It's amazing that the best way to look for new items of clothing these days is to click on a few check boxes and then scroll through endless images. Why can't you look for a "green patterned dress with a scoop neckline" and see one? Glisten is a new startup that does just that by using Computer Vision to understand and list the key aspects of the products in each photo.
You may now think that this already exists. In a way – but not helpful. Co-founder Sarah Wooders came across this when she was working on her own fashion search project on the way to MIT.
“I was hesitant to shop online and I was looking for a C-neck crop shirt and only two things came up. But when I leafed through it, it was about 20, ”she said. "I found that things were tagged in a very inconsistent way – and if the data is so rough when consumers see it, it's probably worse in the backend."
As it turns out, computer vision systems have been trained to really effectively identify features of all types of images, from identifying dog breeds to recognizing facial expressions. When it comes to fashion and other relatively complex products, they do the same: look at the picture and make a list of features with the appropriate level of confidence.
For a specific image, a kind of tag list would be created as follows:
As you can imagine, it's actually pretty useful. But it also leaves something to be desired. The system doesn't really understand what "maroon" and "sleeve" really mean, except that they are present in this picture.

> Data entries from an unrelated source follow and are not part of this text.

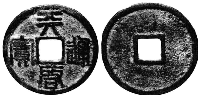
天啓通寶 · 折三 · 篆書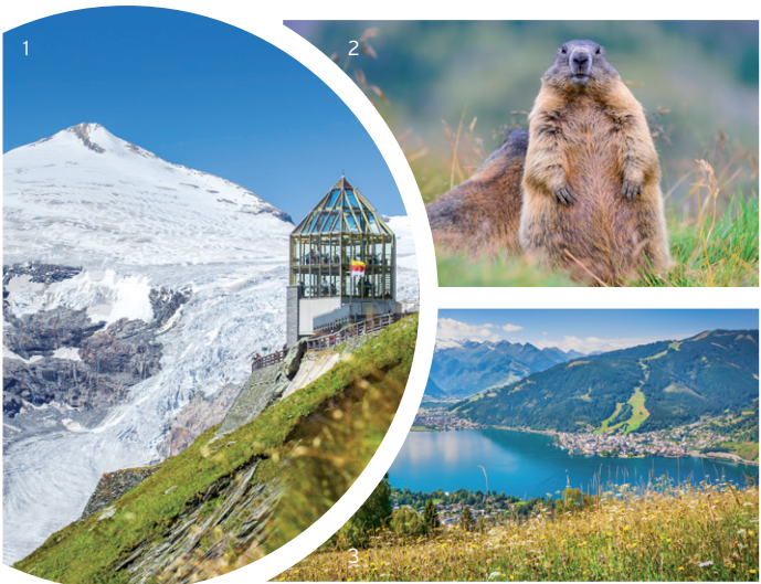
1) Franz Josefs Höhe, Großglockner 2) Marmots in the Alps 3) Zell am See

This is a scenic trip into the Hohe Tauern Nationalpark, on the High Alpine Road, which leads to the glacial base of Austria’s highest mountain, the Grossglockner (3798m). Be amazed by the spectacular scenery of the area and the incredible engineering feat of the Grossglockner road. The Grossglockner High Alpine Road has been an incomparable experience for about fifty million visitors since 1935.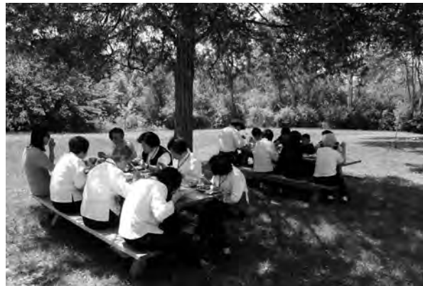
▲ 樹蔭下愉快用餐與交流。

更令人感動的是，道院擁有五星級的衛生間！感恩打掃衛生間的前賢們，讓家有這麼乾淨清潔的環境。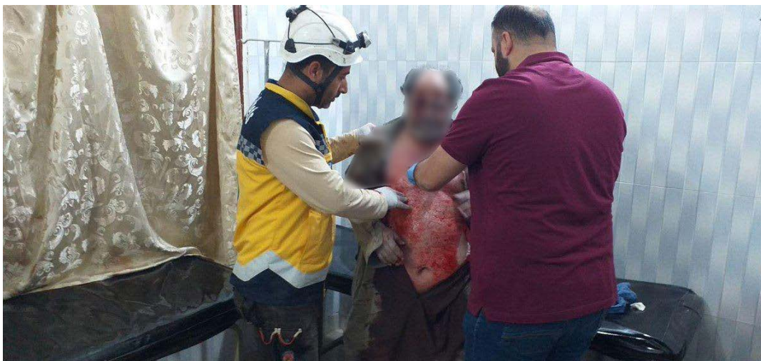
Photo 19: A wounded person being treated from injuries caused by the attack on the public market in the town of Ras Al-Ain on 7 May 2019

Russian warplanes launched airstrikes targeting the public market in the town of Ras al-Ain in the eastern countryside of Idlib with vacuum air- missiles on 7 May 2019. The shelling killed three civilians, injured eight and caused large-scale destruction of shops and houses. (Photo 19)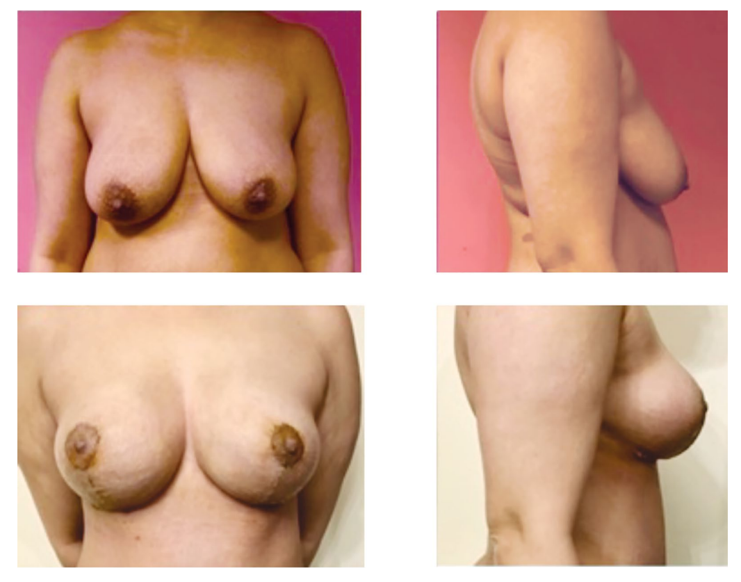
Fig. (3): Bilateral reduction mammaplasty using the supero-medial pedicle and inverted T skin closure pattern.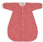
Organic Wool Fleece Baby Sleeping Bag £38.00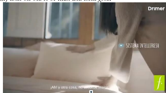
Figure 2: Drimer mattress advertisement by Saga Falabella, where the use of racial stereotypes in the representation of characters is evident.

Note: The character narrates that he really likes his bed to be clean and smell good.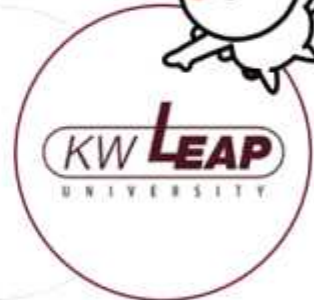
Chosen as Autonomous Contract University for the University Innovation Support Project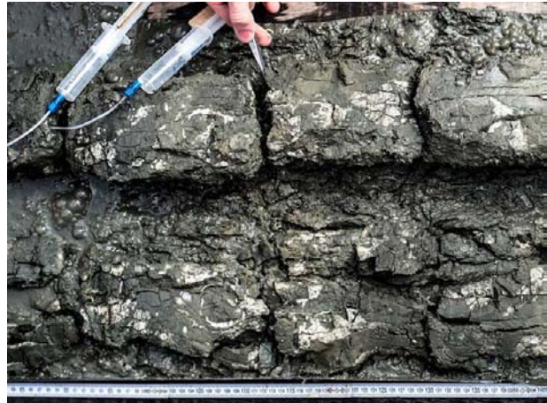
Fig. 4: Part of a recently opened gravity core with white methane hydrates, which transform to water and methane on board. Syringe samples are taken from the sediments are taken to study the pore waters.

The Drygalski Fjord is not only of interest because of its historical connection to the 1st German Antarctic expedition (1901-1903) but also because of its geological structure as a shearing zone as these shearing zones are often used as emission lanes for deep-based fluids. The methane emissions of these fjords could be caused by thermogenic methane, which either rise from depth along the deep disturbance lane or at one of the numerous parallel disturbance, and then emerges from the seafloor. Only when we're back on land can isotope analyses of the methane's carbon and oxygen can tell us if the source is biogenic or thermogenic methane that we sampled in Drygalski Fjord.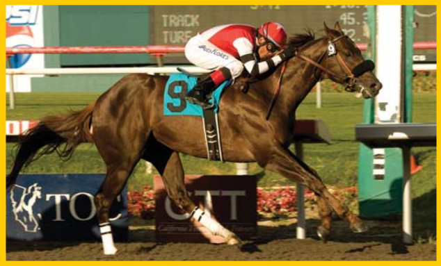
$62,000 NTRA Stakes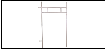
Wide bottom frame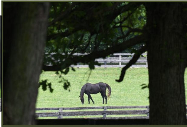
You and I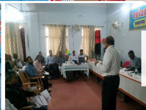
Orienting District and Block Level Officials on Operational Aspects of HBYC Program in District Jamui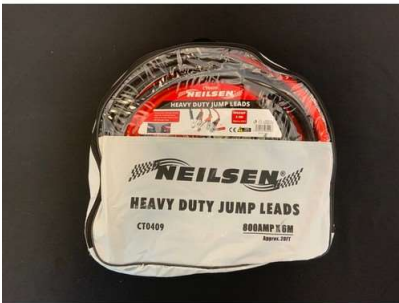
160. V - NEW NEILSEN 800 AMP HD JUMP LEADS 3M (CT0408)

If you ask the system what color the shirt is, it is perplexed if you don't sort through the list manually and say these two things are colors, these are styles, these are variations of styles, and so on.

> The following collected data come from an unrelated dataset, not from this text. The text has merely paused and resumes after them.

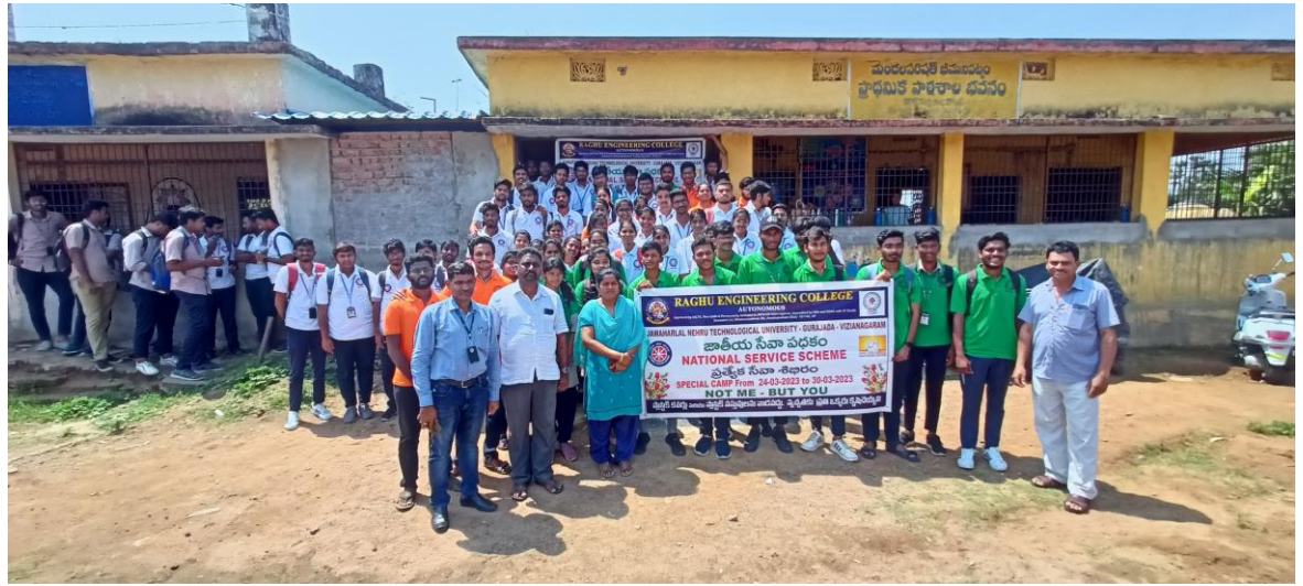
NAME OF THE ADOBTED VILLAGE: Dakamarri Village, Bheemili, VISAKHAPATNAM DISTRICT, AP..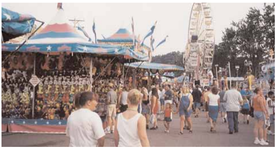
Local 459 members enjoy the Ingham County Union Family Fair Day.

The Fair Day is sponsored by the Greater Lansing Labor Council and other unions. A total of 1,500 entry tickets were sold. A portion of the entrance fees is retained by the Labor Council, who reinvests it in the Fair by sponsoring a petting zoo.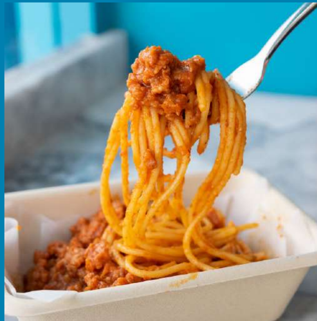
Spaghetti with pork sausage 290

It's not difficult for a picture, but a clothing retailer may have thousands of products with a dozen pictures each and new ones every week. Do you want to be the intern assigned to copy and paste tags into sorted fields? No, and nobody else. This is the problem that Glisten solves by making the Computer Vision Engine much more context sensitive and making its output much more useful.
Here is the same image that the Glisten system may be processing:
"Our API response will actually be, the neckline is this, the color is this, the pattern is this," said Wooders.
This type of structured data is much easier to insert into a database and to be queried with certainty. Users (not necessarily consumers, as Wooders later explained) can mix and match, knowing that when they say "long sleeves" the system has actually looked at the sleeves of the garment and found that they are long.
The system has been trained in a growing library of approximately 11 million product images and descriptions, which the system analyzes using natural language processing to find out what relates to what. This gives important contextual information that prevents the model from being considered “formal” as color or “sweet” as an occasion. But you're right if you think it's just not that easy to just plug in the data and let the network figure it out.
Here's a kind of idealized version of what it looks like:
"There is a lot of ambiguity about fashion and that is definitely a problem," Wooders admitted, but far from insurmountable. “When we provide the output to our customers, we give each attribute a rating. So if it is not clear whether it is a round neckline or a round neckline, the algorithm will put a lot of emphasis on both if it works correctly. If it is not certain, there will be a lower confidence rating. Our models are trained on how people label things so that you get an average of what people think. "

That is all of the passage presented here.